Majid Jahangir Khan is a former cricketer, a former captain of the Pakistan cricket team and one of the most fearless opening batsman produced by Pakistan. Khan’s first-class career spanned from 1961 to 1985. He played 63 Tests for Pakistan, scoring 3,931 runs and made 8 centuries, scored over 27,000 first-class runs and made 73 first-class centuries, with 128 fifties. Majid played his last test for Pakistan in January 1983 against India at Gaddafi Stadium, Lahore and his last One Day International (ODI) was in July 1982 against England at Old Trafford, Manchester
Born on 28 September 1946 in Ludhiana, in the state of Punjab in India, Khan grew up in Lahore, the capital of the Punjab in Pakistan. His father, Jahangir Khan, had played Test cricket for India before partition. Majid Khan started his career as a pace bowler, but an injury and doubts over his technique converted him into an off-spin bowler and batsman. He also played for the teams of Glamorgan and Cambridge University in England, for Queensland, Australia, and in Pakistan for Pakistan International Airlines, Rawalpindi and the province of Punjab. Majid Khan is the son of Dr. Jahangir Khan who famously killed a bird in flight while bowling during an MCC vs. Cambridge University match in 1936.This bird is now part of the permanent MCC museum exhibit at Lord’s Cricket ground. Dr. Jahangir Khan was the Chief Selector of Pakistan Cricket Board (then BCCP) when Majid Khan was close to National selection. Dr. Jahangir Khan resigned from his post to maintain impartiality of the Cricket board during selection of the national team .
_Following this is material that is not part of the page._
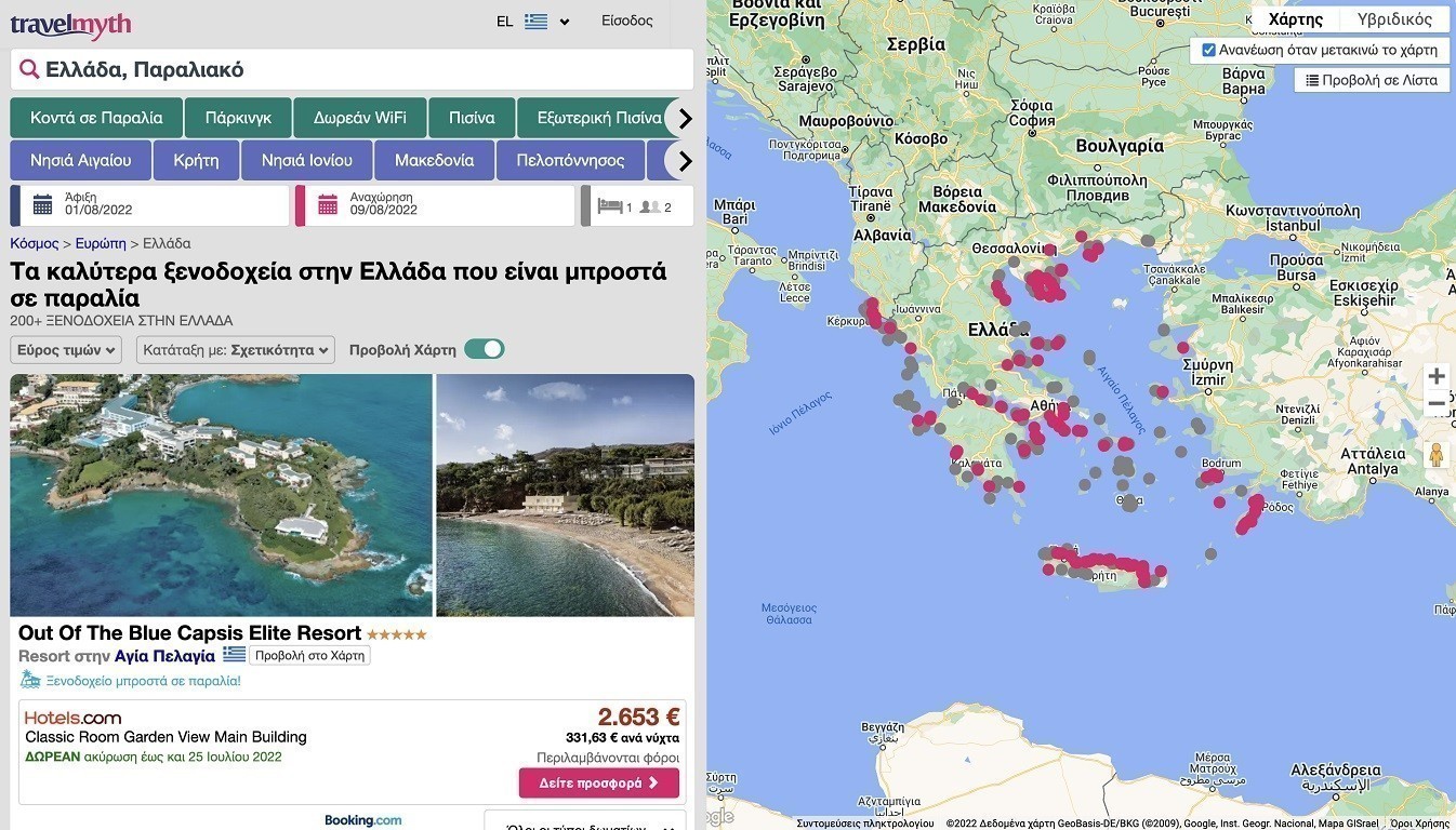 Γ.Ν.-Σ.Β: Η Travelmyth συγκρίνει τις τιμές από διάφορες σελίδες κρατήσεων με τις οποίες είναι συνδεδεμένη σε πραγματικό χρόνο, ώστε να προσφέρει το καλύτερο ξενοδοχείο στην καλύτερη διαθέσιμη τιμή. Αυτό το έχουμε καταφέρει μέσα από στρατηγικές συνεργασίες που έχουμε συνάψει με γνωστούς παρόχους κρατήσεων όπως η Booking, η Hotels.com, η Expedia κ.α., οι οποίοι παρέχουν τον κατάλογο ξενοδοχείων τους και τις τιμές τους στην Travelmyth. Συνεργαζόμαστε επίσης με bed banks (όπως η Hotelbeds), αλλά και με μεμονωμένα ξενοδοχεία μέσω του WebHotelier B2B Platform, έτσι ώστε να επιτρέπουμε κρατήσεις απευθείας στην Travelmyth χωρίς να παραμέμπουμε τους επισκέπτες μας σε άλλους παρόχους. Στοχεύουμε επίσης στο άμεσο μέλλον να επεκτείνουμε τις συνεργασίες μας με περισσότερα ξενοδοχεία και bed banks.

Majid’s Test career started in 1964 against Australia at National Stadium, Karachi.Khan is one of only four batsmen (the other three are Trumper, Macartney and Bradman) to have scored a century before lunch in a test match, scoring 108 not-out off 112 balls against New Zealand in Karachi during the 1976–77 test series.Khan made his ODI debut against New Zealand in 1973 at Lancaster Park, New Zealand. He also holds the unique honour of scoring the first one day century for Pakistan, in an ODI against England at Trent Bridge on 31 August 1974. Khan scored 109 from 93 balls with 16 fours and a six.
Majid had played for Lahore since 1961/62 and had made his Test debut against Australia in 1964/65 and toured England with the 1967 Pakistanis. During a match with Glamorgan, Majid blasted a rapid 147 in 89 minutes, hitting Roger Davis for five sixes in one over. Wilf Wooller, the club secretary, had been a close friend of Majid’s father when Dr Jahangir Khan had been up at Cambridge, and the influential Glamorgan secretary persuaded Glamorgan county to sign him as the overseas player from 1968. In 1972 he won the Walter Lawrence Trophy for the season’s fastest century which he scored in 70 minutes for Glamorgan against Warwickshire. He captained the Welsh county between 1973 and 1976, scored over 9000 runs punctuated with 21 first-class centuries for them. Imran Khan,the legendary Pakistani ex-captain and fast bowler, and Javed Burki are his cousins.Bazid Khan,Majid’s son, has also played for Pakistan, making the family the second, after the Headleys, to have three consecutive generations of Test cricketers.
Initially, Majid Khan continued to boost Pakistan’s middle order, until he was promoted to fill the opener’s slot with Sadiq Mohammad in 1974. He was the first century scorer for Pakistan in One Day International Cricket, scoring 108 runs against England at Trent Bridge, Nottingham in the same season.Majid Khan was also a specialist slip fielder and made most catches look easy. Khan was also well known as a “walker”, maintaining the standards of the game in an era when professionalism was straining at the game’s traditional etiquette.
After retirement from International Cricket, Khan became an administrator with the Pakistan Cricket Board, becoming the CEO of the board in mid 1990s. He now lives in Islamabad.
All grace and fluency, Majid Khan played in the spirit of an English amateur of a bygone era. He had a distant air which sometimes gave the impression that he wasn’t really trying. Majid was a Cambridge Blue and he followed his father Jahangir Khan into Test cricket, though he never matched his father’s feat of hitting a sparrow in flight at Lord’s. He started his career as a pace bowler, but a back injury and doubts over the legitimacy of his bouncer turned him into an occasional offspinner. His batting prowess quickly moved him up the order, and he eventually formed one half of a highly successful opening partnership with Sadiq Mohammad. Majestic driving and hooking were his hallmarks, and he could score effortlessly at speed. His career ended on a sad note when his cousin Imran Khan was forced to drop him, which soured their relationship. He was a no-nonsense administrator, but he signed off by fanning match-fixing claims over the 1999 World Cup.